PARIS (Reuters) – French investigators believe they have identified a Belgian militant in Syria as a coordinator of the deadly Islamic State (IS) attack on Paris, but a year on they are still struggling to pinpoint the mastermind.

Just ahead of the Nov. 13 anniversary of an assault that killed 130 people and injured hundreds, victims and relatives of the dead still seek answers. And the only living person believed to be part of the hit-team, now behind bars, refuses to talk.

A painstaking investigation led by an exceptionally large team of six judicial magistrates has inched forward in search of the “remote-controllers” – those who pulled the strings from abroad, at IS bases in Iraq and Syria or elsewhere.

A source close to the investigation told Reuters this week that a new name had been added to the web of militants involved as coordinators – Oussama Atar, a 32-year-old from a Brussels suburb, now believed to be in Syria.

“It’s a very strong suspicion,” said the source, speaking on condition of anonymity. “We are wary of being definitive while the investigation is still under way.”

Atar was jailed in Iraq on arms-trafficking charges before ultimately joining IS ranks in Syria in 2012, and is suspected of playing a key coordination role in the Nov. 13 rampage, but not of being “mastermind in chief”, the source said.

In particular, Atar is suspected of having recruited two Iraqis who blew themselves up outside the Stade de France sports stadium north of the French capital as part of a broader series of assaults in the heart of Paris on Nov. 13 last year.

He is also suspected of being the person to whom other suicide bombers reported before blowing themselves up in further attacks in Belgium that killed 32 on March 22 this year.

SURVIVORS DISSATISFIED WITH PROBE

Atar, the latest addition to France’s suspects list, was identified in a group of photos shown to a militant arrested in Austria.
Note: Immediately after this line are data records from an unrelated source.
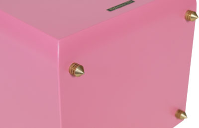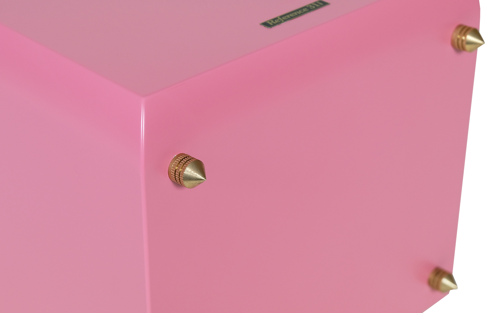Kolumny zostały oczyszczone ze starych powłok a następnie pomalowane przy użyciu samochodowej techniki lakierniczej “na mokro”. Użyto lakieru w kolorze różowym i zabezpieczono go bezbarwnym lakierem satynowym. Kolumny wyposażone w kolce stabilizujące drgania.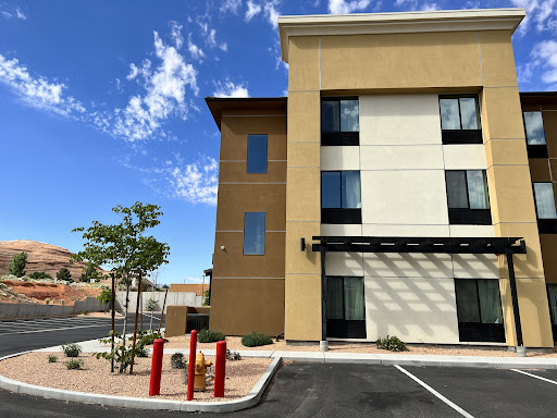 We visited this hotel in 2022 and 2023. It is new, no smell in the rooms and corridors, clean. The rooms are quite big and nice, with very comfortable and high mattresses. They have a fridge and a microwave. They have mini DOVE toiletries, which is great. There is no problem with water pressure or plumbing like the hotels right in Page. There is a large parking lot.
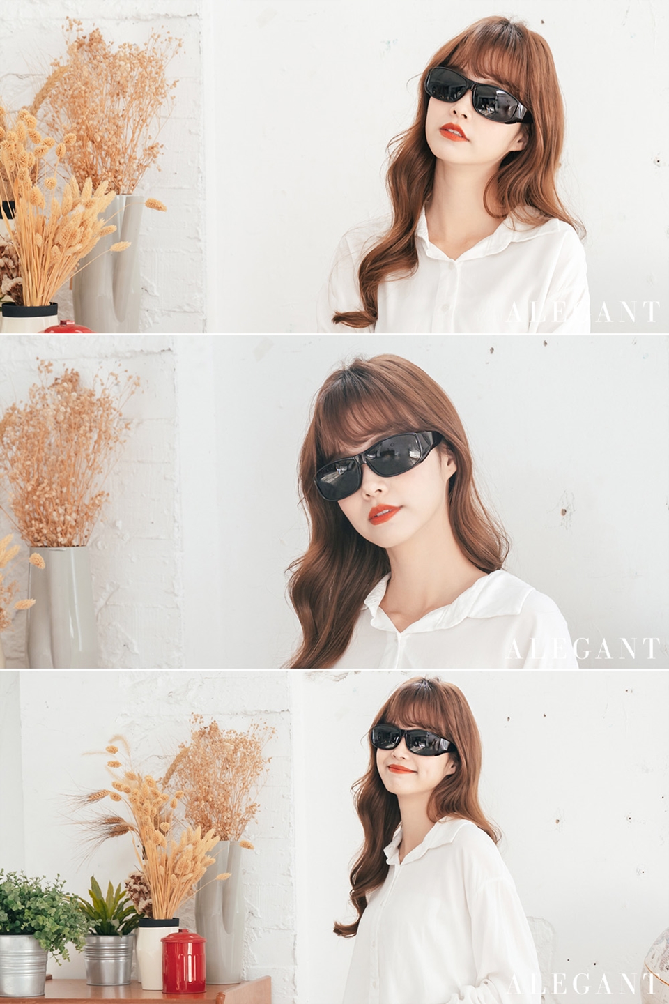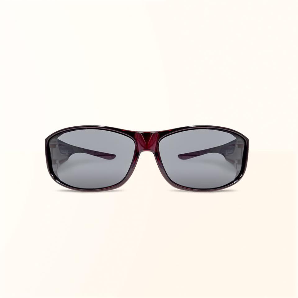勃根地酒紅配色鏡框搭配茶色鏡片,簡約大器而不失優雅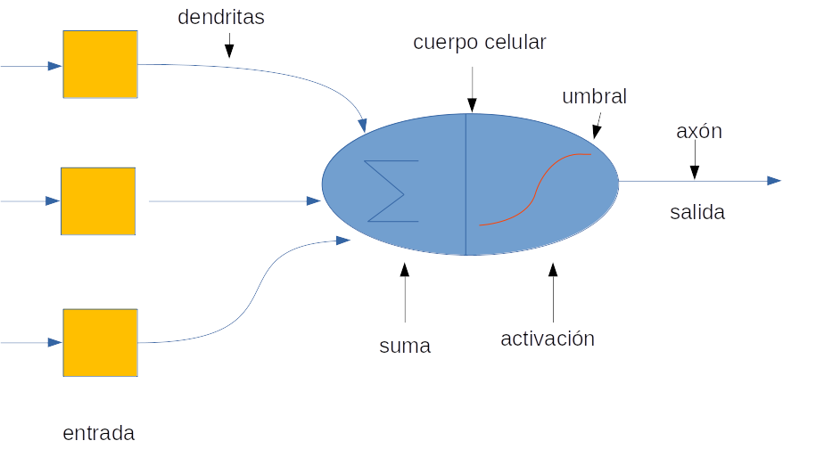 - Soma (cuerpo celular). Suma todas las señales entrantes para generar una señal total de entrada (input).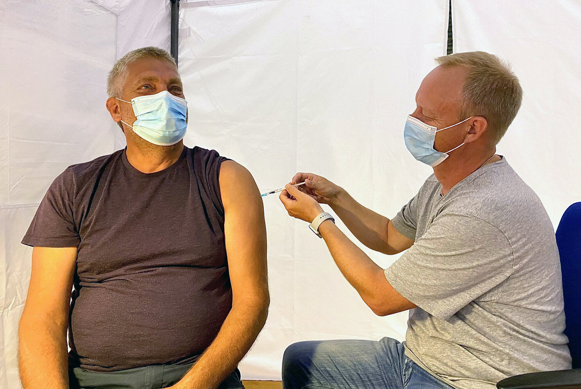 – Sånn! La meg være den første til å gratulere deg med dose nummer to!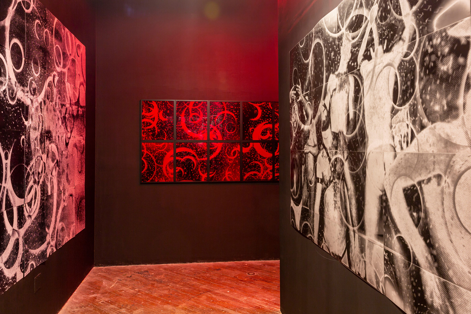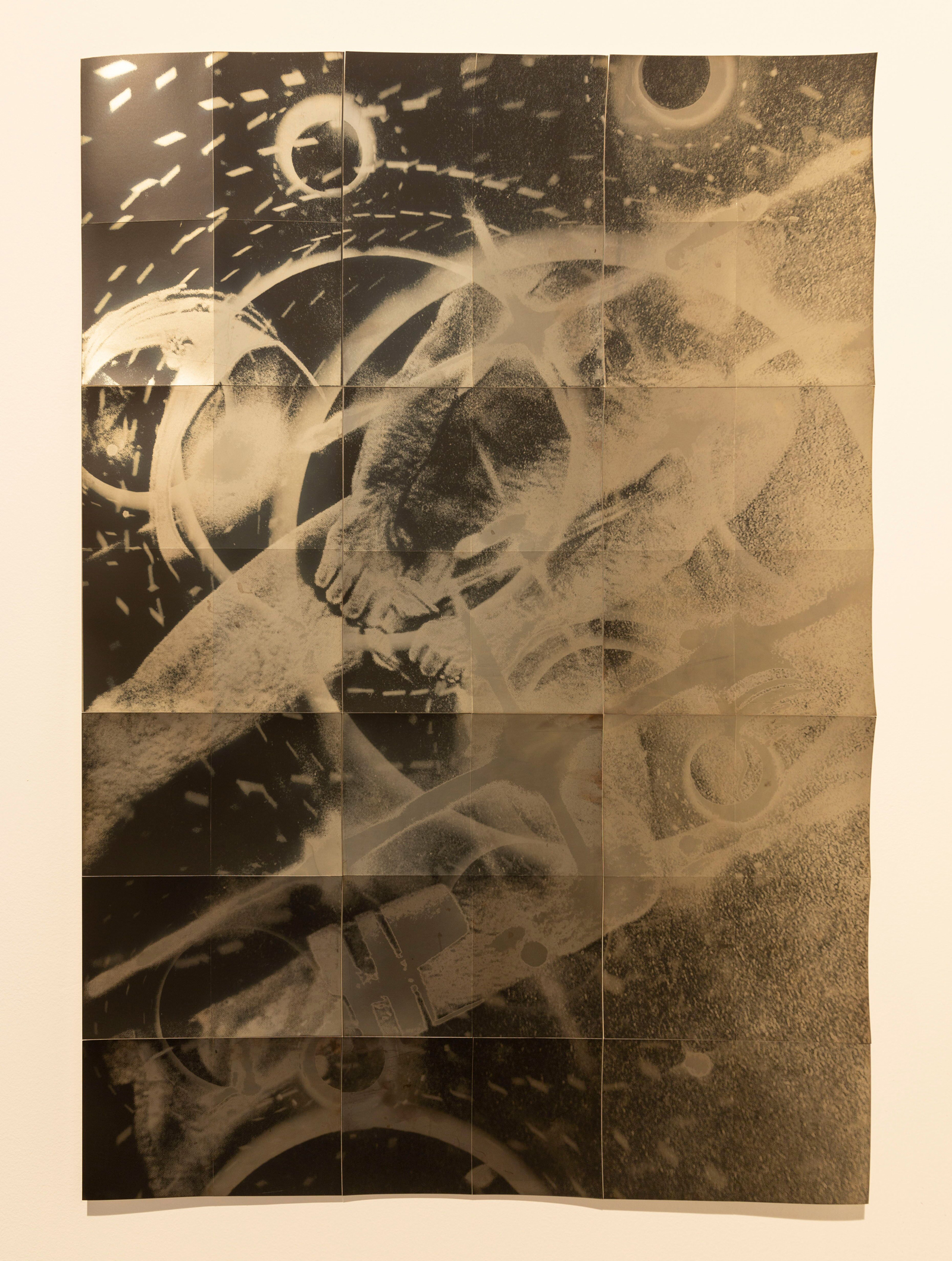 The mirror ball, a symbol of disco music, is a part of nearly every artwork in Bound to the Past.Martinez exposed his photograms to light reflected off of disco balls to create the eclipse effect and the transitory-like patterns that surround them. At times, these eclipses overlap to form fortuitous biohazard symbols that some folx associate with an HIV-positive status. The rampant sexuality prevalent in the disco scene and the genre’s decline in the 1980s stands as a poignant metaphor for the impact of the AIDS epidemic on the queer community. Devoid of figures and brimming with biohazard signs, “Bound to the Past (red night)” exists as a liminal space situated between these starkly contrasted periods of liberated sexuality and the stigmatization of gay sex.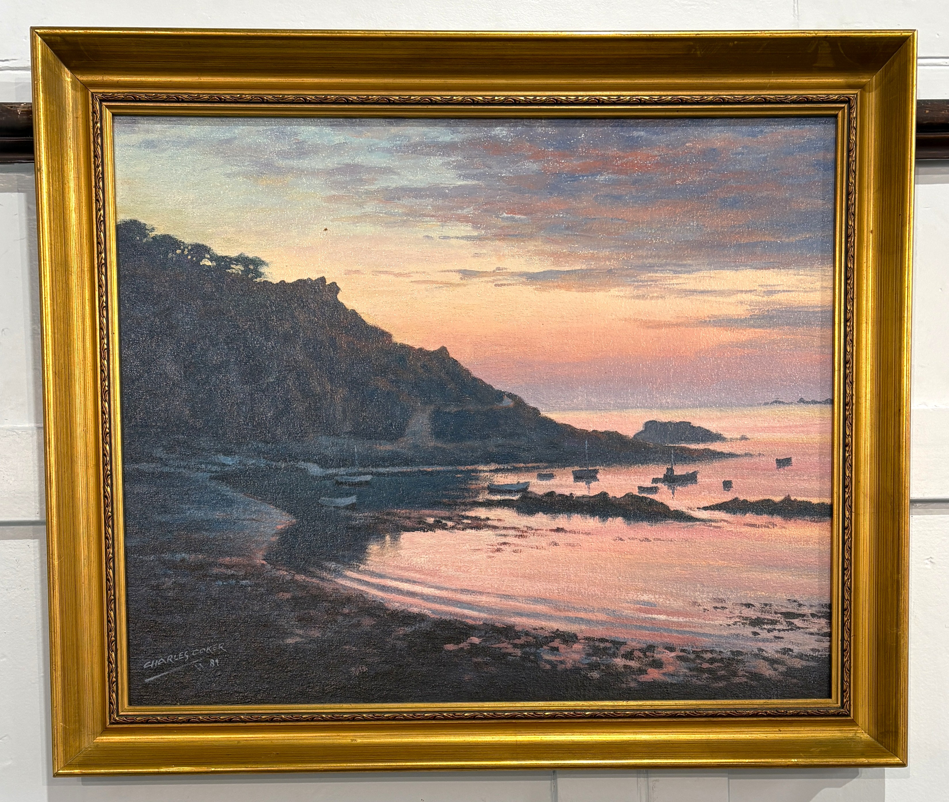Charles Coker (1918-2000), coastal landscape view, Guernsey, 'Sunset at Portelet', oil on board, signed and dated 81, verso inscribed paper label, 44cm by 54cm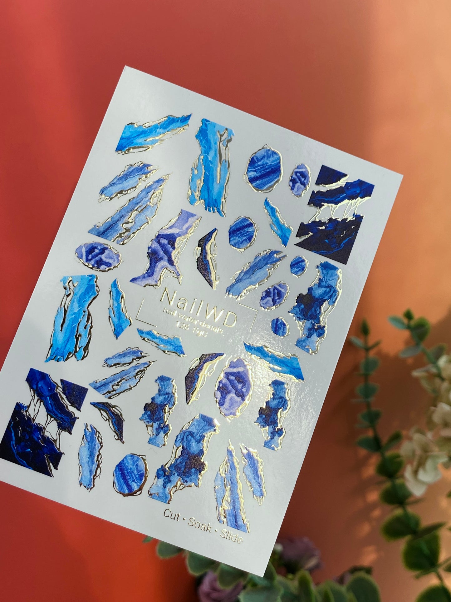 Superbes décalcomanies pour ongles en transfert d'eau en agate bleue avec des bords dorés scintillants pour un effet pierre précieuse luxueux. Ces décalcomanies pour ongles à transfert d'eau s'activent à l'eau — il suffit de les tremper pour les appliquer, chaque pièce se libère dans l'eau et glisse facilement sur l'ongle.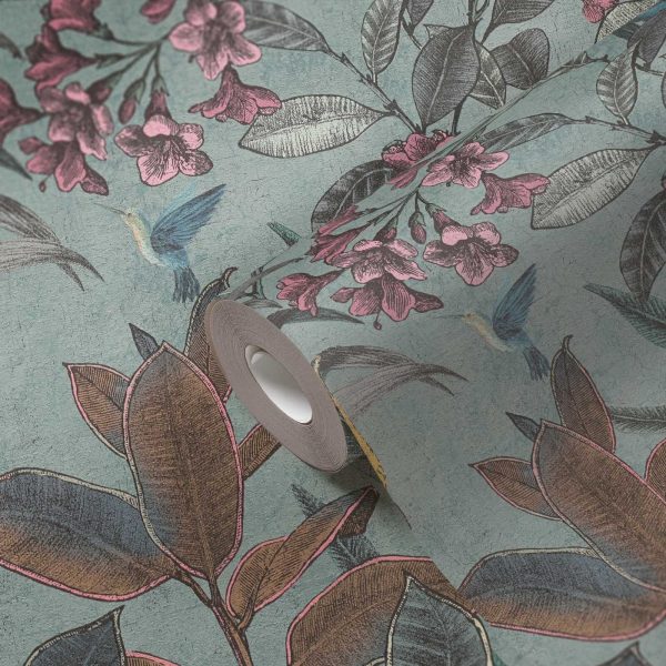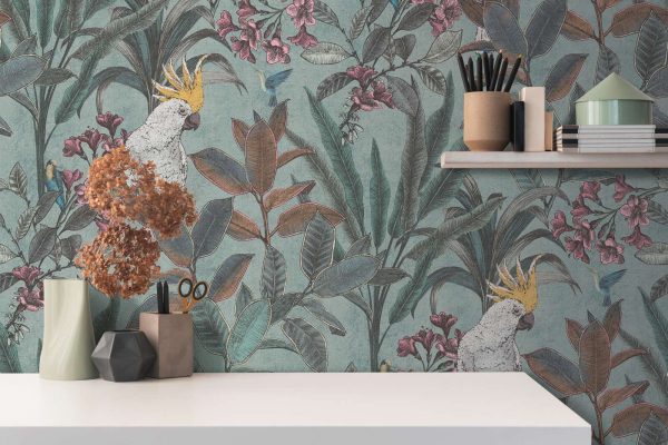 Medidas: 10,05 m x 0,53 m. Case: 64/ 32 cm (offset match/ case salteado). Calidad: tejido no tejido. Estilo: Papel pintado diseño tropical de hojarasca y flores rosas con cacatúas sobre fondo verde.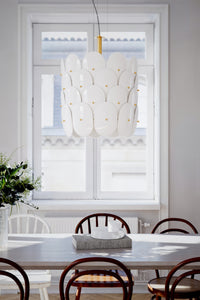 Mia Lagermanin muotoilema riippuvalaisin yhdistää ajattoman muotokielen ja harkitut yksityiskohdat. Kiiltävä valkoinen lasikupu ja messinkiset yksityiskohdat muodostavat näyttävän, mutta hillityn kokonaisuuden, joka kiinnittää huomion kuin veistoksellinen taide-esine.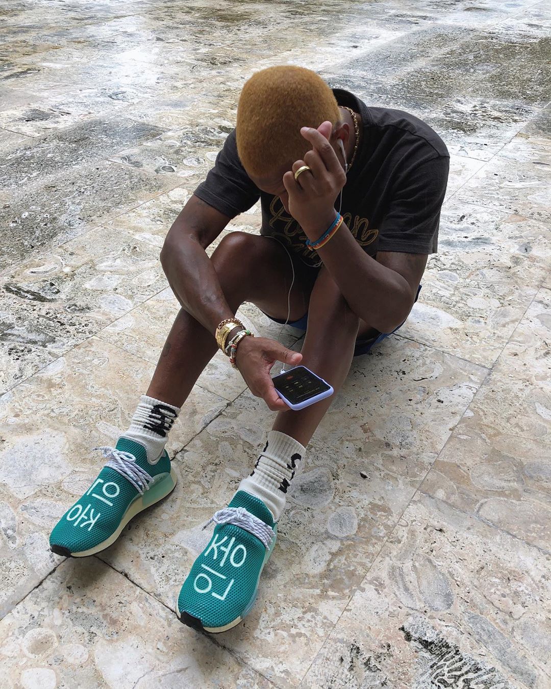 According to adisight, this “Dash Green” NMD Hu will be limited to 7,777 pairs worldwide. Grab an on-feet look courtesy of Pharrell below, as well as the close-up view courtesy of adisight. No release info yet, so make sure to stay tuned to Modern Notoriety for updates.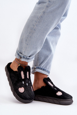 +3Papuci de blană pentru femei cu iepuraș negru Naveritte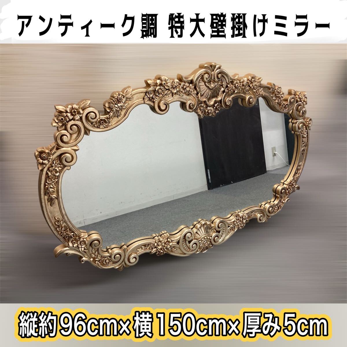- 堀②【引き取り限定/愛知県】 アンティーク調 壁掛けミラー ゴールド インテリア 壁掛け ウォールミラー ヴィンテージ ロココ調 (241127)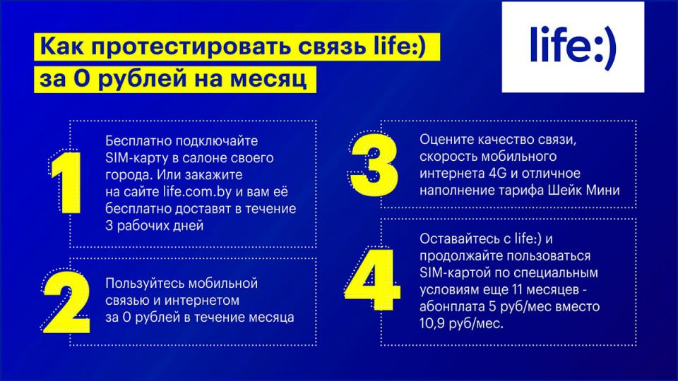 Для теста life:) предлагает тариф Шейк Мини с безлимитом интернета за 0 рублей на месяц. А после этого только для жителей Могилевской области абонентская плата составит 5 руб/мес вместо 10,90 еще на 11 месяцев! Кроме интернета и возможности делиться трафиком без ограничений, в тариф включены 300 минут для звонков во все сети. Бесплатно попробовать Шейк Мини в первый месяц могут все новые абоненты и бывшие клиенты, кто не с оператором больше трех месяцев. Тариф не предполагает каких-либо обязательств.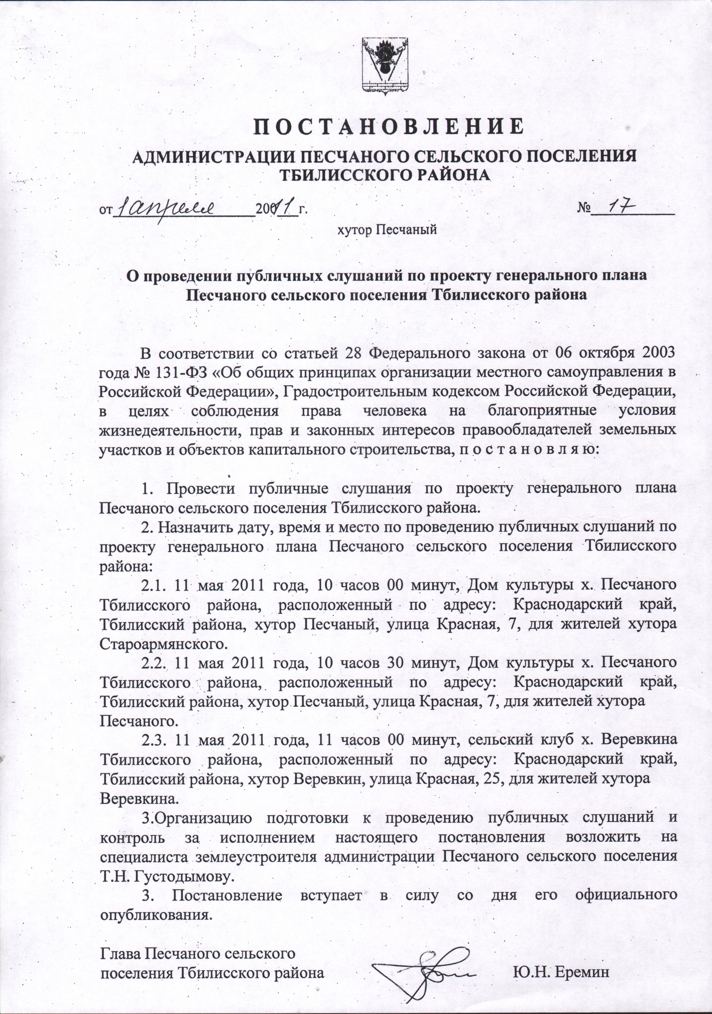 Постановление администрации Песчаного сельского поселения Тбилисского района от 01 апреля 2011 года № 17 "О проведении публичных слушаний по проекту генерального плана Песчаного сельского поселения Тбилисского района |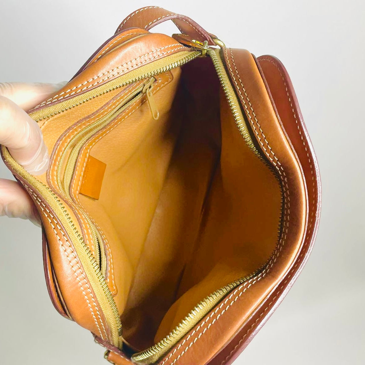 Preloved 9.5/10. This has a flap magnetic button closure front pocket, zip central compartment and zip pocket. This measures 25x19x6cm.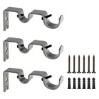 3PCS Grey Curtain Rod Bracket, Heavy Duty Double Curtain Rod Hanging Brackets...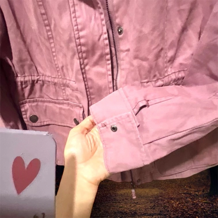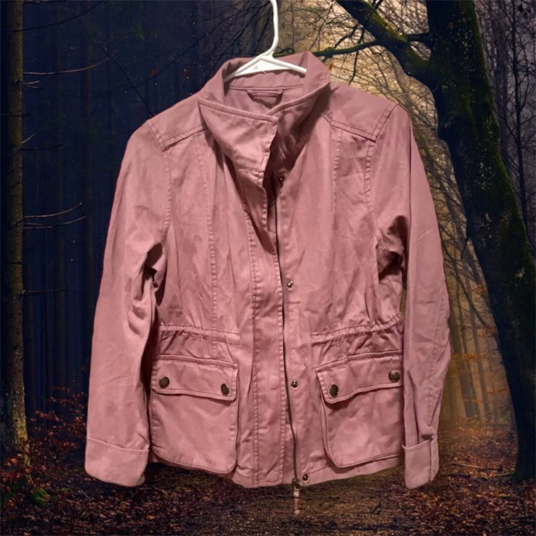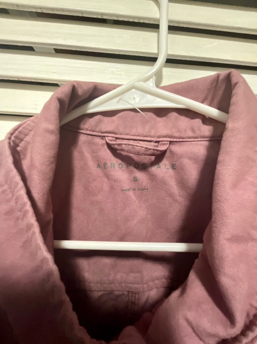 Size small. Long sleeves, zipper closure, two pockets, drawstring waist.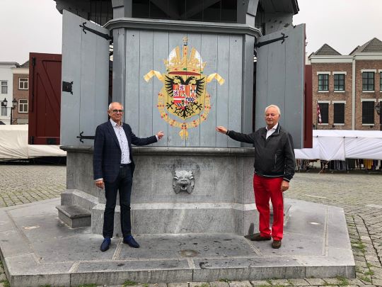 | Raadslid van Bosch Belang [vanaf 1-9-2020]Joep Gersjes [ook rechts] en Paul van de Krabben [Bosch Belang] poseren bij het Puthuis, waarvan de luiken, dankzij Joep woensdagmorgen 9 september 2020, na tussenkomst van wethouder Roy Geers, met enig ceremonieel weer open gingen. foto © Dtv, 9 september 2020. | ![]() |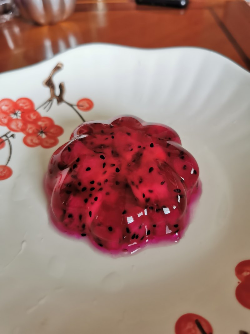 8:煮好的白凉粉挤入半个柠檬汁搅拌均匀,倒入模具,放入火龙果粒。

But that advance means little for the survivors of the attacks, in which 90 of the 130 killed were shot or blown up by armed suicide bombers at the Bataclan concert hall in Paris.

“Even if there’s little chance of bringing the attack mastermind to justice, it would be nice to know his name,” said Emmanuel Domenach, who was at the Bataclan when it was attacked.

Sting, a veteran English pop star who has used his celebrity to champion social campaigns such as defense of forest tribes in South America, is scheduled to play on Saturday at the historic venue to mark its post-attack reopening.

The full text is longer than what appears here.